Bad data mostly falls into two categories. First is the ‘rubbish in, rubbish out’ phenomenon of starting with the wrong dataset because of false records or simply looking at the wrong information (for example, your customers’ incomes which aren’t really related to their ages – and may even corrupt the analysis). “It’s crucial big data efforts only consider the right set of data points and that they’re clean,” is how David Bernstein, eQuest big data division VP, puts it.

In one example Jonah Lehrer describes in his book How We Decide, early test audiences gave the hit show Seinfeld a thumbs down using the feedback dial employed by focus groups, where copycat shows of the 1980s smash Friends scored exceedingly well even though they failed. Researchers soon discovered viewers were rating shows on familiarity, and had to adjust the approach of their questions accordingly.

In the right field like health or military, bad inputs can be tragic. In 2011 a US drone spotted a group of Afghan villagers and attacked, killing all 23. Concerned with protecting US troops nearby, the operators were so flooded with incoming intelligence someone overlooked the fact that because the gathering contained women and children, it was almost certainly civilians

We even have bad data in fiction. In Arthur C Clarke’s 2001: A Space Odyssey (and Stanley Kubrick’s film), the ship’s AI interface, HAL 9000, is programmed with human-like response. So when secret orders it can’t reveal send it into a feedback loop of paranoia, it solves the logic problem by proceeding to kill the crew.

The second and more common type of bad data is poor interpretation, often because of a lack of context. LatentView Analytics CEO Venkat Viswanathan uses the analogy of noise-cancelling headphones to illustrate how it’s all about the threshold demanded by the circumstances. “Maybe you can hear glass breaking outside while the music’s playing,” he says. “Maybe it’s important like when there are small children under your supervision, but not if you’re in a restaurant where breaking glass isn’t a big deal.”
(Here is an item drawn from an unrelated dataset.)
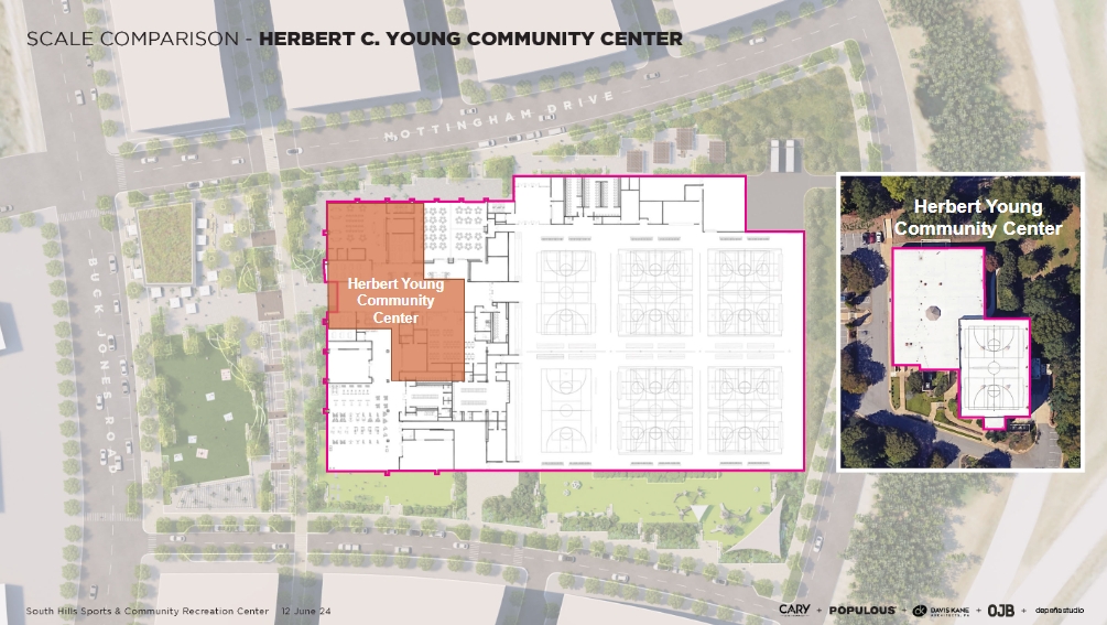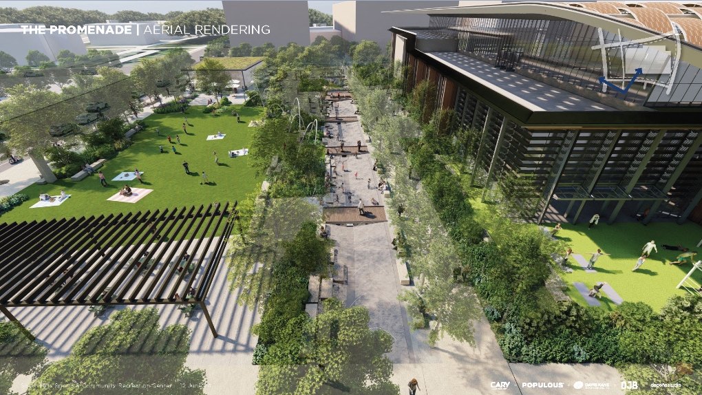 The Centre is planned to have a Community Center, a Senior Center, and competitive space. Wake County has committed $75 million for the competitive space. The competitive space was originally planned for 10 sports courts that could be for basketball, volleyball, pickleball, etc. The concept now has it scaled down to eight courts.
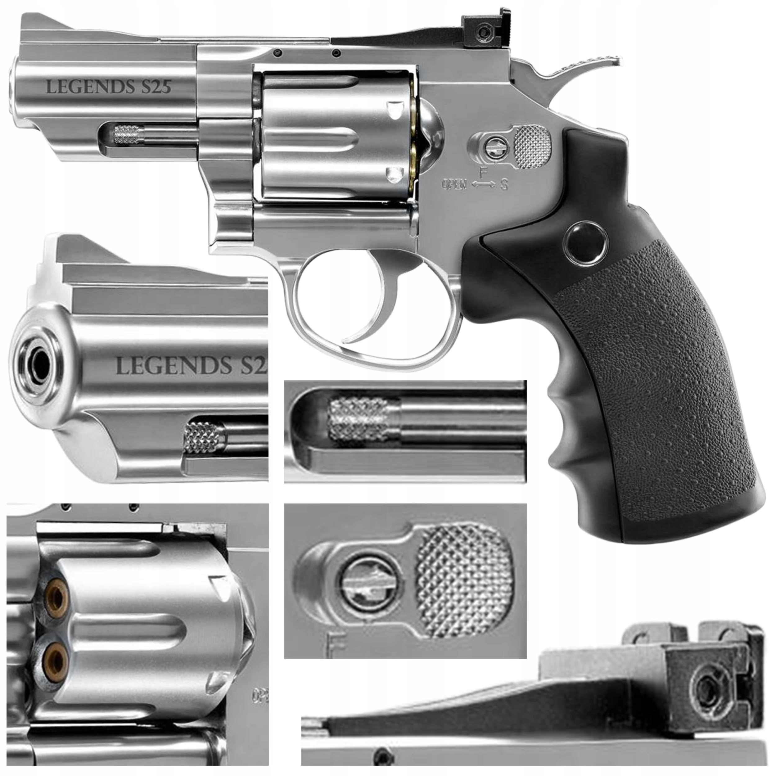 Високоякісний пневматичний револьвер, повністю метал, закінчений гладкою кришкою нікелю. Ми пропонуємо три можливі версії Windbreaker з різною довжиною бочки - S25 (2,5 дюйма), S40 (4 дюйми) та S60 (6 дюймів). Щоб надати зброю справжність, барабан містить шість камер для лусочок, до яких завантажується постріл діаболо, а бочка нанизується для підвищення точності пострілів. Регульований SZCZERBINKA. Одного Co₂ 12 G Cap достатньо, щоб вистрілити близько 60 пострілів. Револьвер має тригер SA/DA (єдина дія/подвійна дія), ви можете стріляти, натягуючи кран за допомогою тригера (Samonapinanie), а також після витягування крана пальцем. Захист від неконтрольованого пострілу - це вимикач для зливного блокування

BloomReach head of marketing Joelle Kaufman says data interpretation is all about intuition and control. “Machine-generated data can be useful, but without the human element of intuition and control it can be downright offensive. We’ve all been the victim of poorly targeted data-driven marketing – I recently purchased a dryer and have been stalked by dryers on the web ever since. I only need one.”

Omer Trajman, VP field operations at big data applications company WibiData, agrees the human element is what’s most important, and he points out that when there’s a bad reading it’s us, not the data, to blame. “There’s no such thing as bad data,” he says, “just bad models. Data analysts just need to extract the right data at the right time, then act on the insight in a timely manner.”

Some industries seem to be taking pause, and might even have been burned. Kaufman cites a Duke University Business School study that said marketing projects using analytics to drive decisions decreased from 37 percent in February 2012 to 30 percent in February this year.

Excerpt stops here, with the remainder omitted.